The Go-Backs are a tribe of elves in the comic series Elfquest. They named themselves from their goal to return to the Palace of the High Ones.
They are hunters (probably gatherers, too) and, above all, warriors. Most of them care neither for the past nor for the future. They are the only known tribe that scorns magic - especially healing magic, since knowing that a healer is around makes warriors 'soft'.
Their most notable tradition is dancing for their death.    
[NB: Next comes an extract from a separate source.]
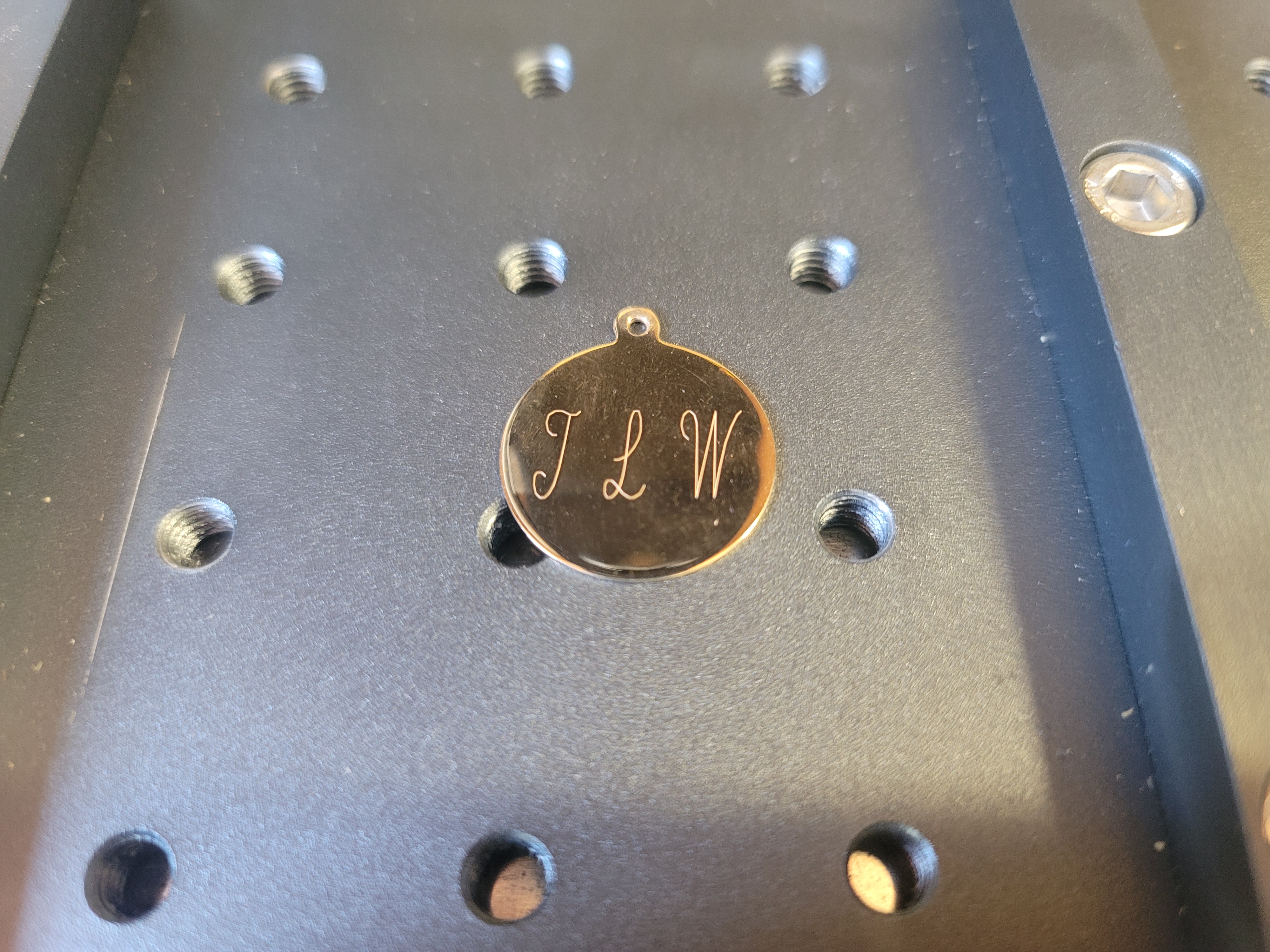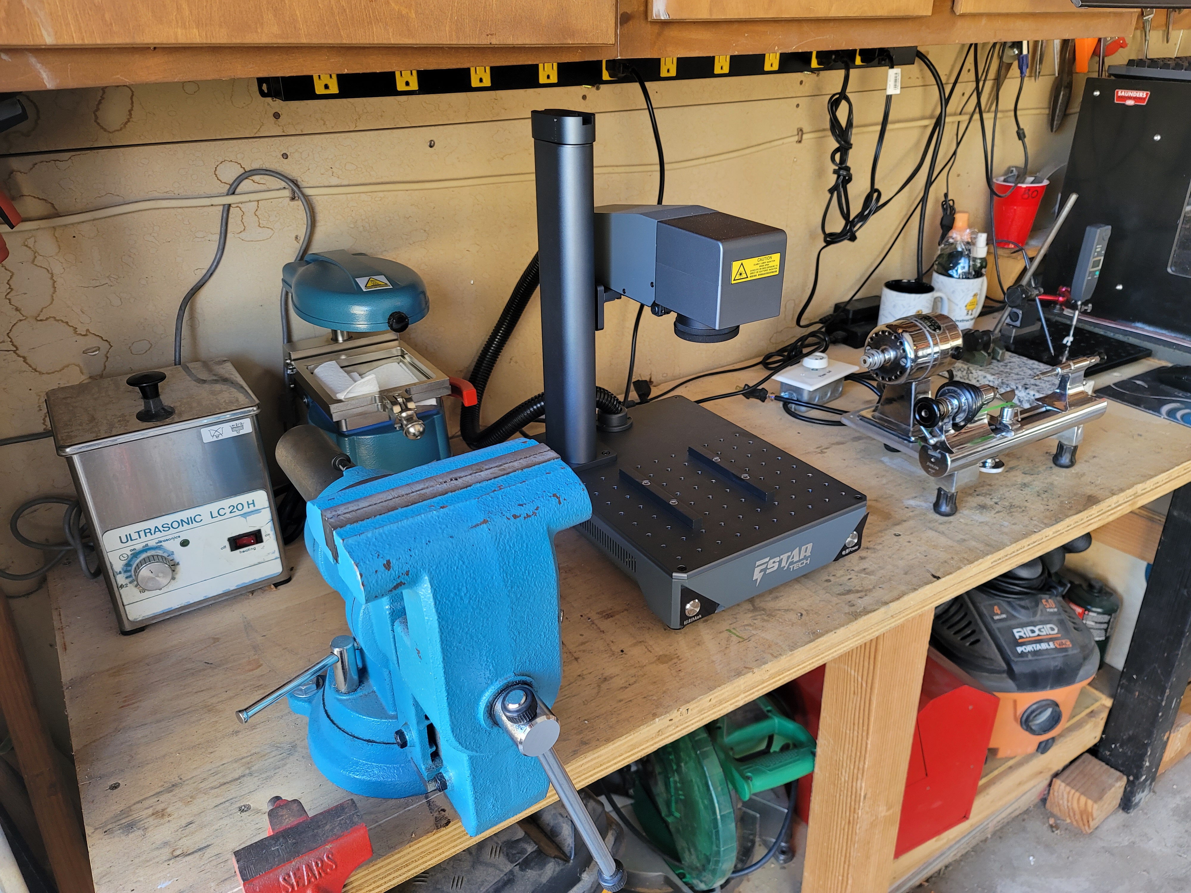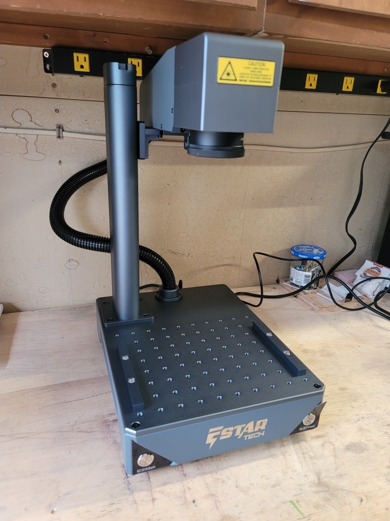 I had wanted a small desktop fiber laser for my home workshop for quite some time and when the opportunity presented itself to obtain this model I decided to take the plunge. This 20W galvo fiber laser is suitable for engraving metal and even cutting some thin metals (with multiple passes.) The work area is 100mm x 100mm.

In the series Kahvi it is revealed that the Go-Backs were originally a splinter group of the Wolfriders, who had lost their wolf blood "because of Willowgreen's trickery." What exactly that looked like, or how exactly the Go-Backs became stag-riders and searchers for the palace, are yet untold stories. (A prose story about the healer Willowgreen and her "trickery" was to appear in the book "Hunter's Dawn" in the mid-1990s, but that volume was repeatedly delayed, then canceled.)

When the Go-Backs tried to return to the Palace, they were stopped by the Ice Trolls, who assumed that once the elves were reinstalled in the Palace they would enslave the trolls as their ancestors had. War ensued between the two groups and was underway when the Go-Backs rescued the Wolfriders and forged an alliance with them.

After the Palace is won, the Go-Backs stay near it, but not for long. When trolls captured Ekuar, Rayek blamed the Go-Backs, and banished them by creating a gorge which prevented them from crossing into the mountains. Kahvi became separated from the rest of her tribe, and goes to look for the palace Rayek spirited away, to take revenge. She stays with the Wolfriders for some years.

When she finally returns to the Go-Backs, Zey is their new chief.  She suggests raiding the Sun Village with a small party to steal the Little Palace. After this is a failure, Zey carries all-out war to Sorrow's End. Kahvi realizes that war is not a way to regain honor. She kills Zey, and leads the Go-Backs back to the Frozen Mountains, even without the Little Palace.
In the following, the Go-Backs return to their ways (minus the Palace-searching). Kahvi stays chief, but often leaves the tribe to her second-in-command Mardu, once to Blue Mountain trying to get a new trophy instead of the Palace for the tribe, discovering her own past, and once trying to find Cutter to bear his child.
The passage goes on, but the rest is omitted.